I know rustc has a reputation for slow compile times, but I wanted to find out how my experiences compare to others.
I have a ~8,000 line Rust project that, on my little laptop, takes about a minute to compile on 1.22.1, and 3-4 minutes to compile on nightly. Incremental compilation may take that down 10% or so.
If I compile a C project of similar functionality and ~14,000 lines of code, it compiles in 6 seconds. And, most significantly, if I just touch a single file and recompile the project, it compiles in less than half a second.
Is this comparable to what other people are experiencing? My Rust project does use generics pretty heavily and uses macros to generate a lot of code, so that ~8,000 line statistic is misleading, but still, this seems very slow to me. I consider the nightly compiler basically unusable: especially on a project of this relatively small size, I have to be able to make small changes and test them very quickly. 4 minutes is bonkers.

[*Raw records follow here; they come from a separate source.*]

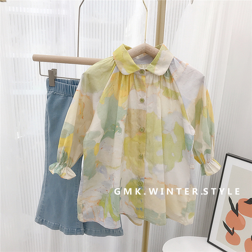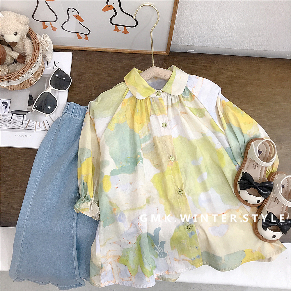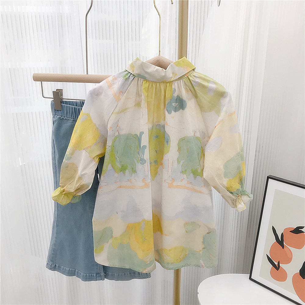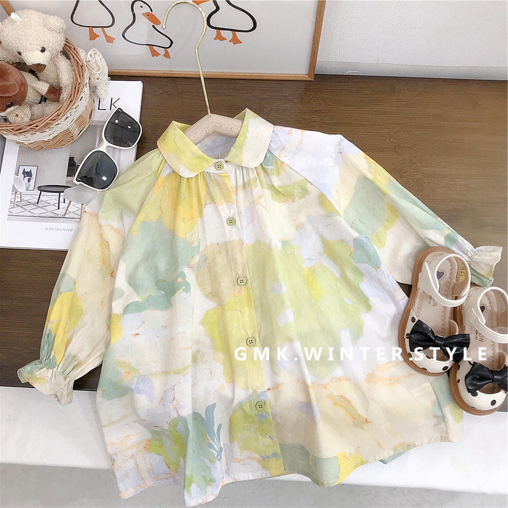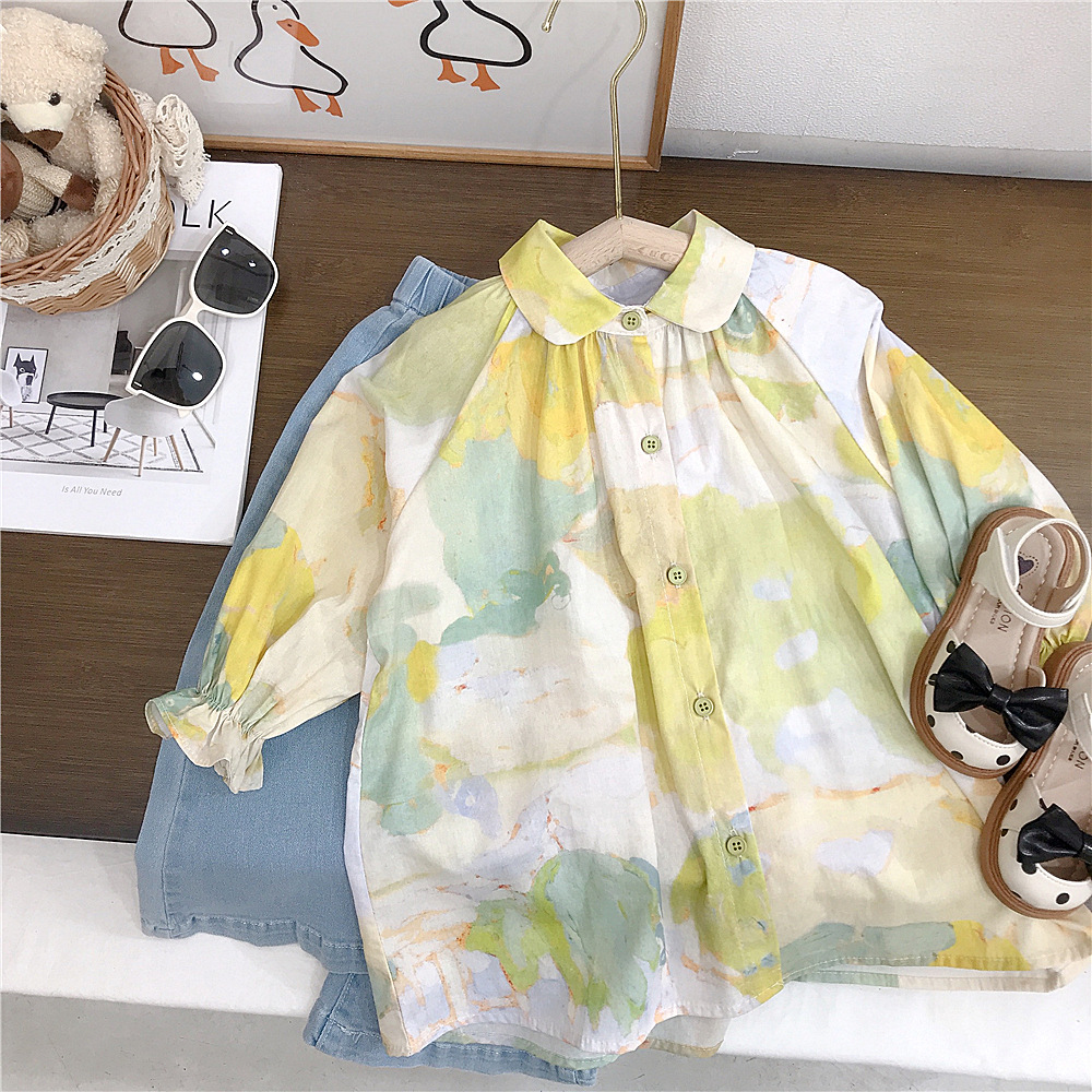 봄 여름 가을 새로운 한국 아동복 여아 중간 길이 셔츠 예술적 타이 염색 프린트 셔츠 스커트 자외선 차단제 의류 해외 무역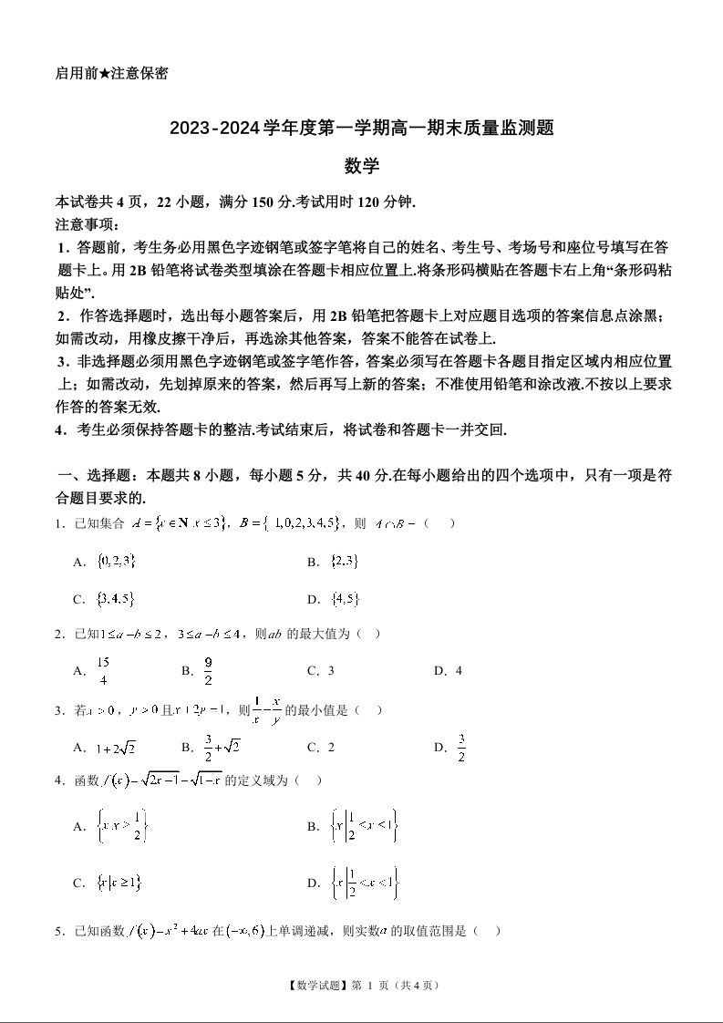 广东省阳江市高新区2023-2024学年高一上学期1月期末测试数学+答案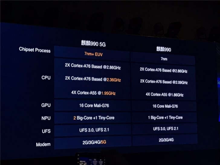 麒麟990E 相比麒麟990 5G在CPU上面是一样的,但是GPU核心砍掉了2个,NPU核心也砍了一个大核,不过它是集成了5G基带的。
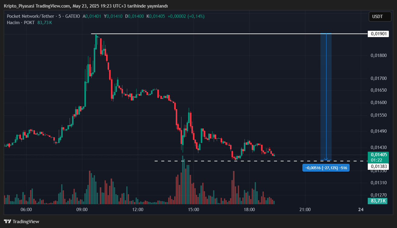 Bugün itibariyle 0.0190 dolara kadar bir yükseliş yaşayan POKT, Bybit delist kararı ve ABD Başkanı Trump’ın vergi açıklamalarıyla düşüşe geçti. POKT’un günlük zirveden %30’a yakın değer kaybettiği görüldü.

Which C compiler are you using? Not sure what the right magnitude difference should be (template heavy C++ code is probably a better comparison than C), but you can try running cargo check to do typechecking. This won’t help you run the program but can serve as a quick(er) compilation feedback loop. If you’ve tried it already, how long does that take?
There’s a way to make rustc spit out timing info per phase, so can probably jump down to that level to see where the bulk of the time is spent (my hunch is LLVM is a significant portion).
It seems that a lot of time is being spent in "translation item collection," and a search reveals lots of discussion about excessive times here for generic code (like this).
Ugh. Just a few weeks ago I had an issue that was giving me 20+ minute compile times. That one I reported and it was quickly fixed. But this current issue has been under discussion for a year, has not been resolved, and has just been reduced in priority.
I take it you have similar type layering code as in the github issue you linked? Curious if sprinkling a Box here and there would cut it down. But yeah, otherwise not sure what to suggest given this is a known issue.
Well, there's nothing in my code that chains calls in an obvious way like the linked issue. But my intuition is I'm winding up with a similar effect. Yes, I guess I could probably use trait objects in a couple places to address this. I'll experiment with that. Thanks again.